What to do:
When you write out the listing, keep every word as it stands and drop the pictures.

Input data:
-------

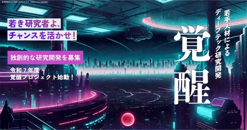 2025年度に向けた若手研究人材育成プロジェクト、通称「覚醒プロジェクト」が始まります。本プロジェクトは、産業技術総合研究所が実施するディープテック分野の研究開発を促進するための取り組みで、特に独創的な発想を持つ若手人材を対象にしています。このプロジェクトでは、AI、生命工学、材料・化学、量子に関連した新しい技術や研究テーマを募集します。
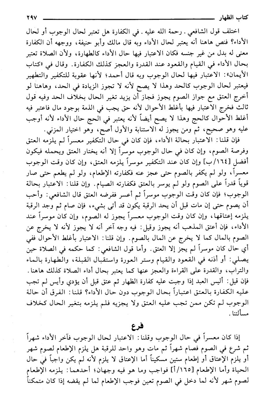 إذا كان معسرًا في حال الوجوب وقلنا: الاعتبار لحال الوجوب فآخر الأداء شهرًا ثم شرع في الصوم فصام شهرًا ثم مات وهو واحد للرقبة هل يلزم الإطعام لصوم شهر أو يلزم الإعتاق أو إطعام ستين مسكينًا أما الإعتاق لا يلزم لأنه لم يكن واجبًا في حال الحياة وأما الإطعام [165/ أ] فواجب وما هو فيه وجهان؛ أحدهما: يلزمه الإطعام لصوم شهر لأنه لما دخل في الصوم تعين فوجب الإطعام لما لم يقضه إذا كان متمكنًا
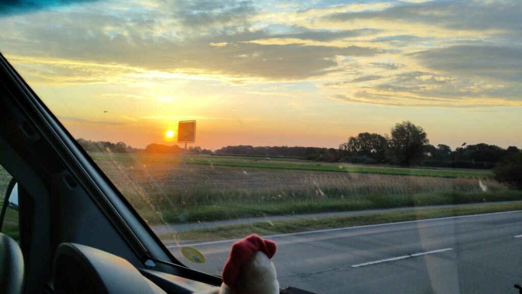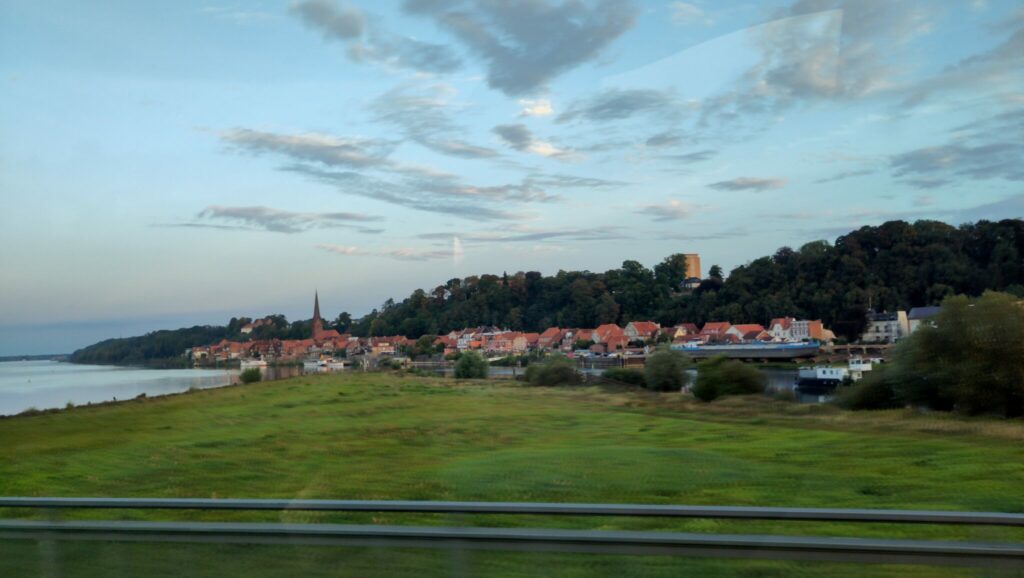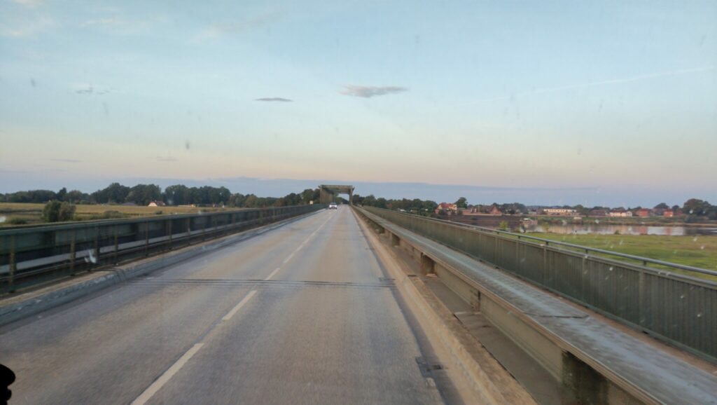 Los geht’s! Wir haben beide schlecht geschlafen und sind früh wach, also geht es schon kurz nach 7 los. Bei ein wenig Sonnenschein überqueren wir die Elbe und verabschieden uns von unserer schönen Heimat.

-------

Output below:
 2025年度に向けた若手研究人材育成プロジェクト、通称「覚醒プロジェクト」が始まります。本プロジェクトは、産業技術総合研究所が実施するディープテック分野の研究開発を促進するための取り組みで、特に独創的な発想を持つ若手人材を対象にしています。このプロジェクトでは、AI、生命工学、材料・化学、量子に関連した新しい技術や研究テーマを募集します。
 إذا كان معسرًا في حال الوجوب وقلنا: الاعتبار لحال الوجوب فآخر الأداء شهرًا ثم شرع في الصوم فصام شهرًا ثم مات وهو واحد للرقبة هل يلزم الإطعام لصوم شهر أو يلزم الإعتاق أو إطعام ستين مسكينًا أما الإعتاق لا يلزم لأنه لم يكن واجبًا في حال الحياة وأما الإطعام [165/ أ] فواجب وما هو فيه وجهان؛ أحدهما: يلزمه الإطعام لصوم شهر لأنه لما دخل في الصوم تعين فوجب الإطعام لما لم يقضه إذا كان متمكنًا
 Los geht’s! Wir haben beide schlecht geschlafen und sind früh wach, also geht es schon kurz nach 7 los. Bei ein wenig Sonnenschein überqueren wir die Elbe und verabschieden uns von unserer schönen Heimat.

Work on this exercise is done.